Amnesty International says there is ‘sufficient evidence’ to accuse Israel of genocide in Gaza

 



Amnesty International on Wednesday said that it had gathered “sufficient evidence to believe” that Israel’s conduct during the war in Gaza amounts to genocide against the Palestinian people – a charge the Israeli government has vehemently denied.

The 296-page report details evidence gathered over nine months, outlining numerous instances in which Amnesty says Israeli forces and government authorities have committed three of five acts prohibited under the United Nations’ Genocide Convention – including the mass killing of Palestinian civilians, causing serious bodily or mental harm, and deliberately inflicting on Palestinians in Gaza conditions of life “calculated to bring about their physical destruction in whole or in part.”

“Month after month, Israel has treated Palestinians in Gaza as a subhuman group unworthy of human rights and dignity, demonstrating its intent to physically destroy them,” Amnesty International Secretary General Agnès Callamard said in a statement.



Amnesty said that Israel is responsible for extensive and often indiscriminate aerial and ground attacks, widespread destruction of civilian infrastructure, the forced mass displacement of Palestinians across the besieged enclave, and the obstruction of humanitarian aid.

“There is only one reasonable inference that can be drawn from the evidence presented: genocidal intent has been part and parcel of Israel’s conduct in Gaza since 7 October 2023, including its military campaign,” Amnesty’s report states.

Israel launched the war in Gaza after Hamas-led militants carried out an attack on southern Israel on October 7 last year, killing 1,200 people and taking another 251 hostage.

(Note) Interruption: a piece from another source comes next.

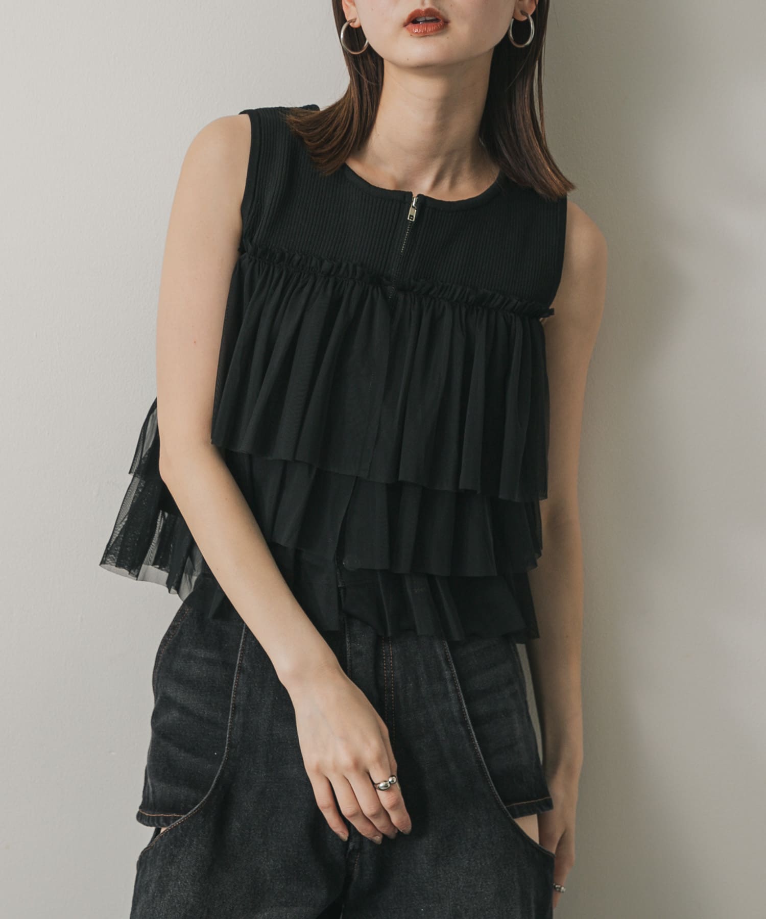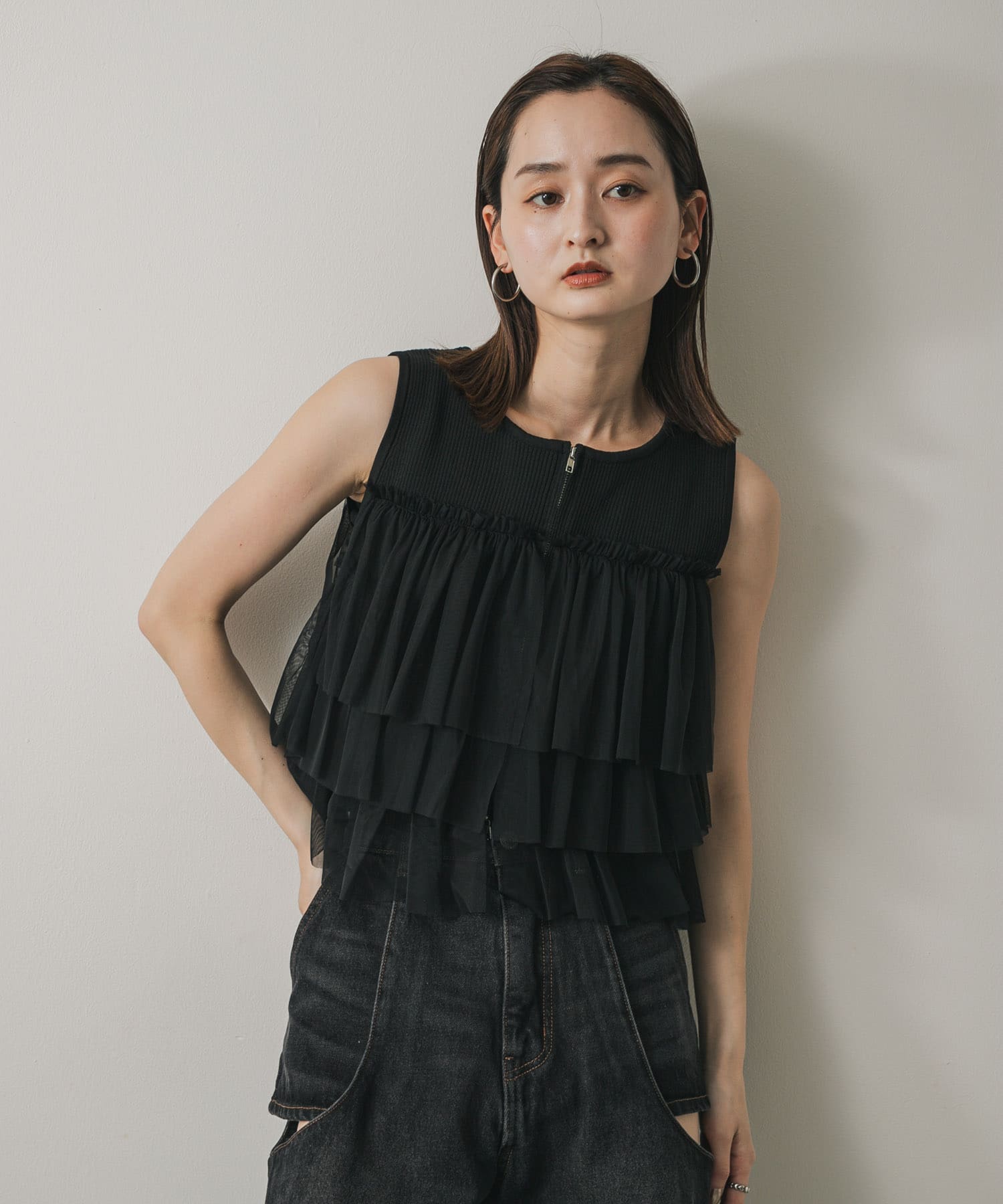 雙拉鍊荷葉邊針織上衣BLACK

In a little over a year, more than 44,000 people in Gaza have been killed and 104,000 injured as a result of Israel’s ongoing military onslaught, according to the Palestinian Ministry of Health.




Israel’s military called Amnesty’s report “entirely baseless” and said it failed to account for the both the operational realities faced by Israeli soldiers within Gaza.

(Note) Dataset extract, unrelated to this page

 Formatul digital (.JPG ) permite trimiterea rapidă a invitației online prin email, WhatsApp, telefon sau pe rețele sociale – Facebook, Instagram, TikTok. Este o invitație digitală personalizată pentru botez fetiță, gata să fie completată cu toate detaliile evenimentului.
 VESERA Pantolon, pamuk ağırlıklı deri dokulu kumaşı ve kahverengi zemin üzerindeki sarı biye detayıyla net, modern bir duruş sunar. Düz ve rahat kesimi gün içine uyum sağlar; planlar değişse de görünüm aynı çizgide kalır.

“The report’s allegations of genocide and intentional harm are not only unfounded but also ignore Hamas’ violations of international law, including its use of civilians as human shields and its deliberate targeting of Israeli civilians,” the Israel Defense Forces (IDF) said, adding that the military tries to mitigate harm to civilians.

While Amnesty says that it recognizes that Hamas has put Palestinian civilians in danger by operating from, or in the vicinity of, densely populated residential areas, the organization asserts that this does did not relieve Israel from its own obligations under international humanitarian law to spare civilians and avoid indiscriminate or disproportionate attacks.

Israeli government lawyers, speaking earlier this year at the International Court of Justice in The Hague, rejected what they called “grossly distorted” accusations of genocide leveled against it by South Africa. The lawyers argued that the convention was adopted only to “address a malevolent crime of the most exceptional circumstances,” and was “not designed to address the brutal impact of intensive hostilities” on civilians during warfare. It called South Africa’s accusation “a concerted and cynical effort to pervert the meaning of the term ‘genocide

“Many of us have doubts regarding the possibility of proving unequivocally, and beyond any reasonable alternative explanation, the element of intent,” the organization said in a statement, though it acknowledged that that was not a universal view among its staffers. It did say that there was “no dispute within the Israeli section” that Israel’s conduct in Gaza raises “suspicions of widespread violations of international law and may amount to crimes against humanity and ethnic cleansing.”

The 1948 UN Genocide Convention, which Israel ratified in 1950, says that genocide has occurred when any of five prohibited acts are are carried out with the intent “to destroy in whole, or in part, a national, ethnic, racial or religious group.”

The organization said it believes Israel’s acts were committed with the specific intent to destroy Palestinians in Gaza. As evidence for that, it cited calls by Israeli military and government officials for the targeting of Palestinians in Gaza using language that “equated Palestinian civilians with the enemy to be destroyed.” It also noted the use of indiscriminate weapons within densely populated areas, and actions taken by Israeli authorities to obstruct or prevent humanitarian aid from reaching the besieged enclave.

The investigation – which focuses on Israel’s actions between October 7, 2023, and July 2024 – examines the repeated and consistent targeting of residential buildings and civilian infrastructure in densely populated areas, including apartment buildings, religious sites, schools and markets.